Korean players benefit European clubs both on and off the field
Korean defender Kim Min-jae joined Fenerbahce on a four-year deal last week. His arrival gives the top Turkish club a strong center back capable of playing very physical football.
It also gives Fenerbahce access to millions of passionate Korean football fans, many of whom may choose to back the Korean rising star.
There's no doubt that Kim's move to Istanbul is due to what he can offer the team on the field. He is a highly rated defender who offers a formidable physical presence in the backline that could see him hold his own against more physical players anywhere in the world.
Kim's international performance has gained him a lot of attention, earning him the nickname "The Monster" for his ferocious defense during the 2017 Asian qualifier for the 2018 Russia World Cup.
If Fenerbahce hadn't snapped him up, somebody else undoubtedly would have. Over the last few months, Kim has been linked to a number of top European clubs including Portuguese side Porto, Italian Serie A club Juventus and the Premier League's Tottenham Hotspur.
But even if Kim's arrival in Turkey — where he likely hopes to prove himself with an eye on a potential move to England, Italy or Spain in the future — is due to his ability on the field, that doesn't mean he doesn't bring the club some other benefits as well.
Korea is a football-loving nation, and international stars have always enjoyed more popularity than the local K League. From Son Heung-min with Tottenham Hotspur to Hwang Ui-jo with Bordeaux and Lee Kang-in with Valencia, where Korean footballers go, Korean fans follow. Kim's arrival in Istanbul means that Fenerbahce now has a slice of that pie.
Fenerbahce have been quick to highlight that connection.
On Sunday, the club tweeted in both hangul and Turkish to mark Korean Liberation Day. The club acknowledged the effort and sacrifice it took Korea to get to where it is today and pointed out how important sport has been as a source of strength for Koreans.

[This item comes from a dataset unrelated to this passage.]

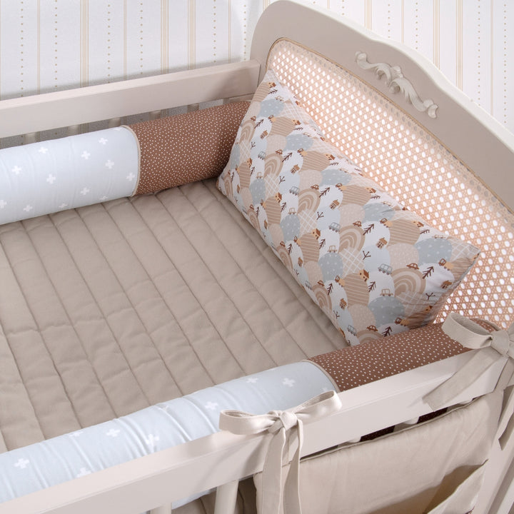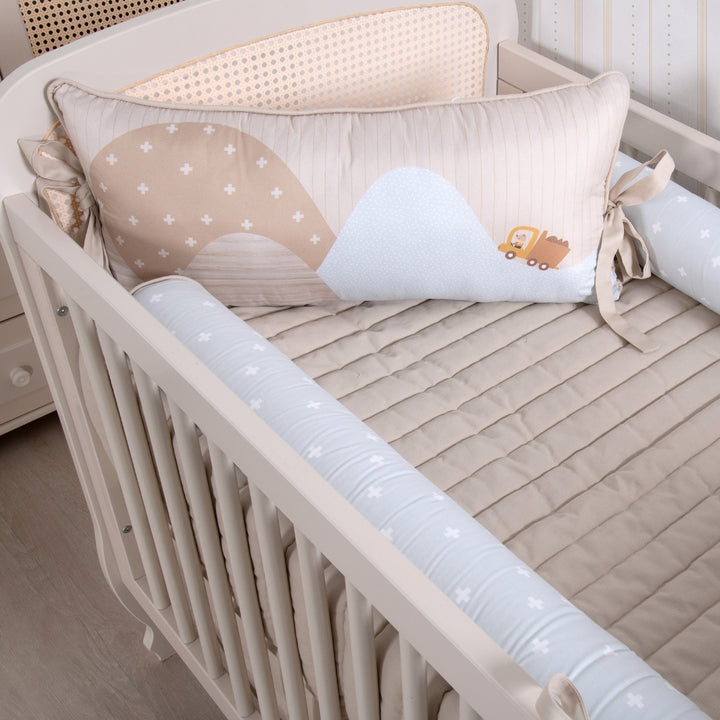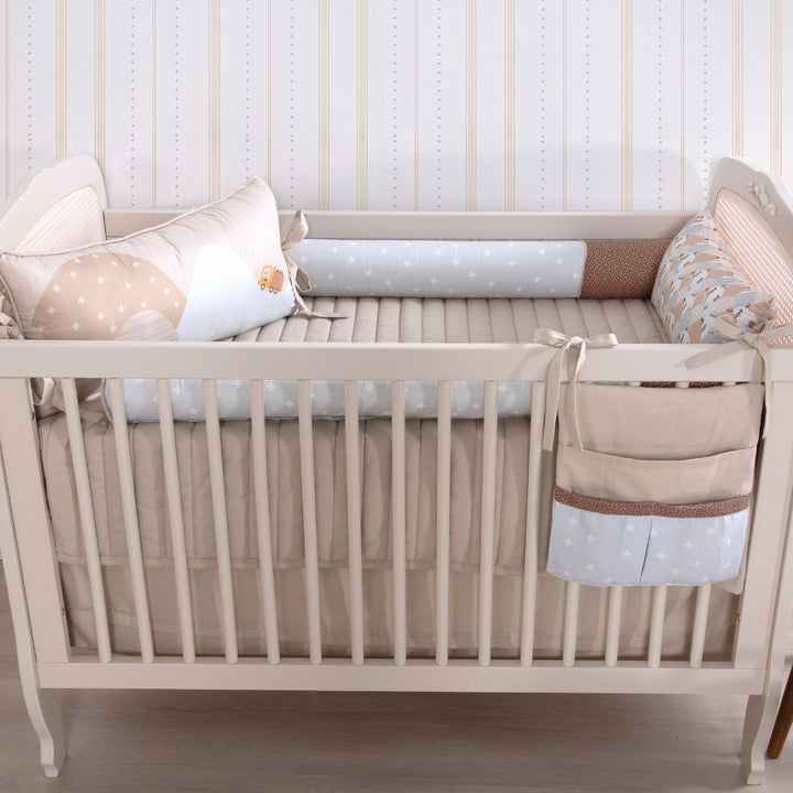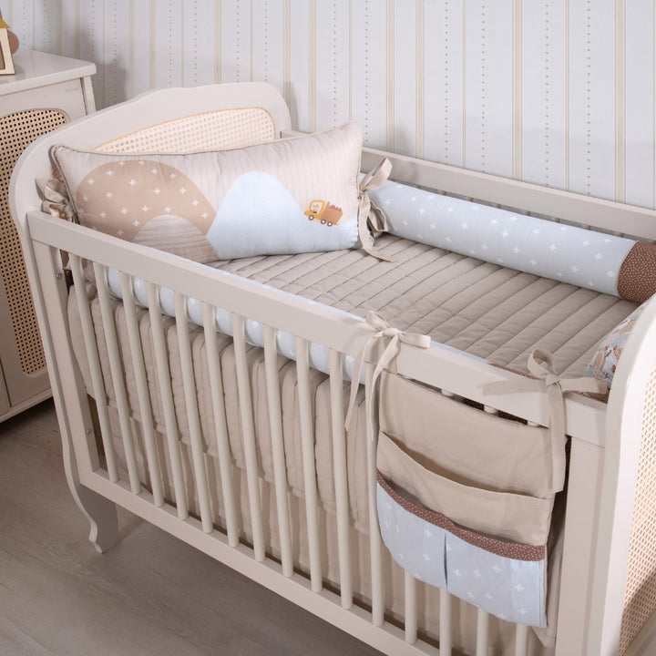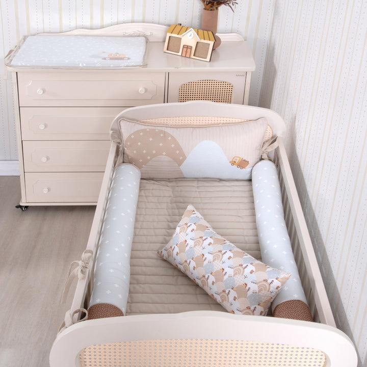 A cabeceira e a peseira estampadas trazem ilustrações delicadas de bichinhos aventureiros e seus transportes, reforçando o universo lúdico da coleção. Os rolinhos laterais, em tecido estampado e toque suave, garantem proteção e acolhimento nos primeiros meses de vida.

There's nothing insincere about the club's tweet: Turkey and Korea do have a longstanding relationship that goes back hundreds of years, commonly referred to as the Korean–Turkish brotherhood, and Turkish troops fought in the Korean war. Considering this, Fenerbahce marking Korean Liberation Day makes sense, and it also allows the club to reach out to its new Korean followers.
Fenerbahce also tweeted in Korean to announce Kim joining the club and added a Korean description to the bio on the club's official Twitter account.

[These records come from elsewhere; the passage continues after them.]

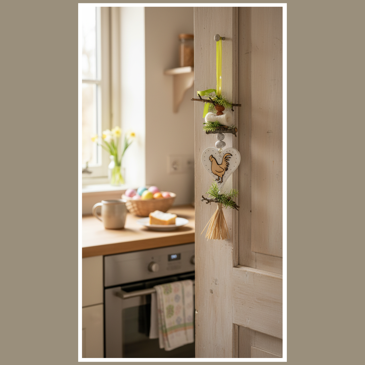 W centrum znajduje się drewniane serce z kogucikiem, a całość dopełniają naturalne dodatki: gałązki, zieleń, koraliki i chwost. Dzięki temu dekoracja nie jest „przerysowana”, tylko spójna, lekka i estetyczna. Dodatkowym atutem jest ręczne wykonanie – każdy egzemplarz może mieć drobne różnice w ułożeniu dodatków, ale styl pozostaje taki sam.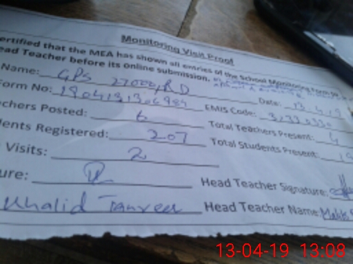 | Attendance Register | Head Teacher | MEA with School | Visit Proof |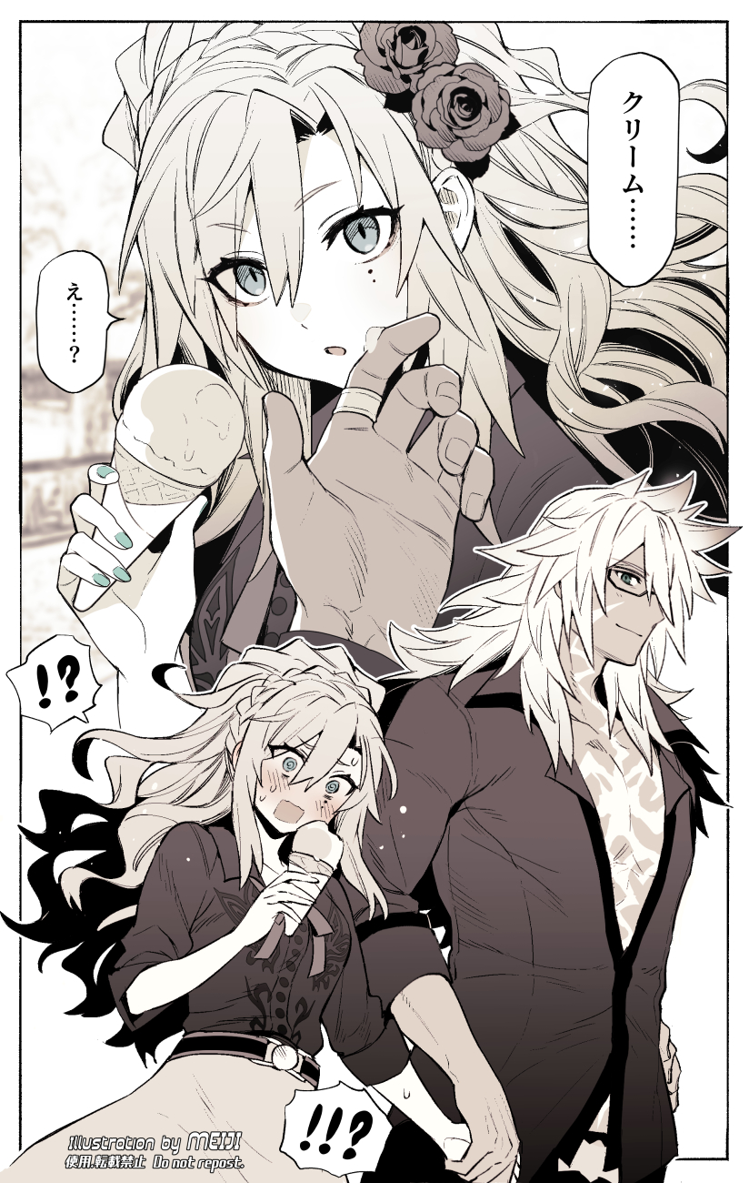 !? 1boy 1girl @_@ artist_name belt blue_nails blush braid collarbone collared_shirt crown_braid dark-skinned_male dark_skin embarrassed fate/grand_order fate_(series) flower food food_on_face glasses green_eyes grey_eyes hair_between_eyes hair_flower hair_ornament hand_on_own_hip hetero highres holding holding_hands holding_ice_cream_cone ice_cream ice_cream_cone ice_cream_on_face jewelry kriemhild_(fate) long_hair meiji_ken mole mole_under_eye open_mouth pectoral_cleavage pectorals ponytail ring rose scar scar_on_chest shirt sidelocks siegfried_(fate) siegfried_(super_cool_biz)_(fate) sleeves_rolled_up smile speech_bubble spoken_interrobang spot_color sweat wiping_face

The Turkish club isn't the only team to reach out to Korean fans.
Tottenham Hotspur have been working hard to appeal to Korean supporters as Son continues to shine as a star forward for the club.
In January this year, the club launched a Korean-language Twitter account "to further engage its growing fanbase in the homeland of one of the club’s star players," Tottenham said in a statement at the time.
The decision to launch an account dedicated entirely to Korea made sense. According to Tottenham, "the club is currently the most watched and best-supported overseas soccer team in Korea, with thousands having travelled to North London to watch the team in action in recent years."
The club also partnered with Twitter to launch a special Son Heung-min emoji to mark the launch of the Korean account.
French club Bordeaux, home of striker Hwang, took things one step further last year. To mark both Hangul Day and Chuseok, the Korean harvest festival, the entire Bordeaux squad played in shirts with their names written in hangul on Nov. 3.
There are sceptics who claim that European clubs recruit Korean players, or indeed any Asian players, exclusively to attract potential fans and investors. They claim that teams choose Korean players over other possible recruits because they're better for the club's bank balance, if not for its performance on the pitch.
A glance at the statistics very quickly disproves that theory.
Tottenham's Son finished the 2020-21 season with 22 goals and 17 assists across all competitions, with 17 goals and 10 assists in the Premier League.
He combined with Harry Kane to set a new record for the most prolific goalscoring partnership in a single season in Premier League history, breaking the record of 13 goals set in the 1994-95 season. He also became the first Asian player to hit 100 Premier League goals and assists. He also scored his 100th goal in a Spurs shirt across all competitions, becoming only the seventh player ever to do so.
Son isn't the only one making headlines in Europe.
Bordeaux's Hwang finished last season with 12 Ligue 1 goals, making him the highest-scoring player for the French club. Chelsea's Ji So-yun added another Women’s Super League title to her ever growing trophy cabinet. Hwang Hee-chan's first year with Leipzig saw him secure the team's spot in the DFB-Pokal final.
How well Kim will do at Fenerbahce remains to be seen. Very few Korean players have appeared in the Turkish league and he still faces a tough challenge to prove himself there. But while Kim focuses on his performance on the pitch, the club is likely to continue its attempts to woo Korean fans.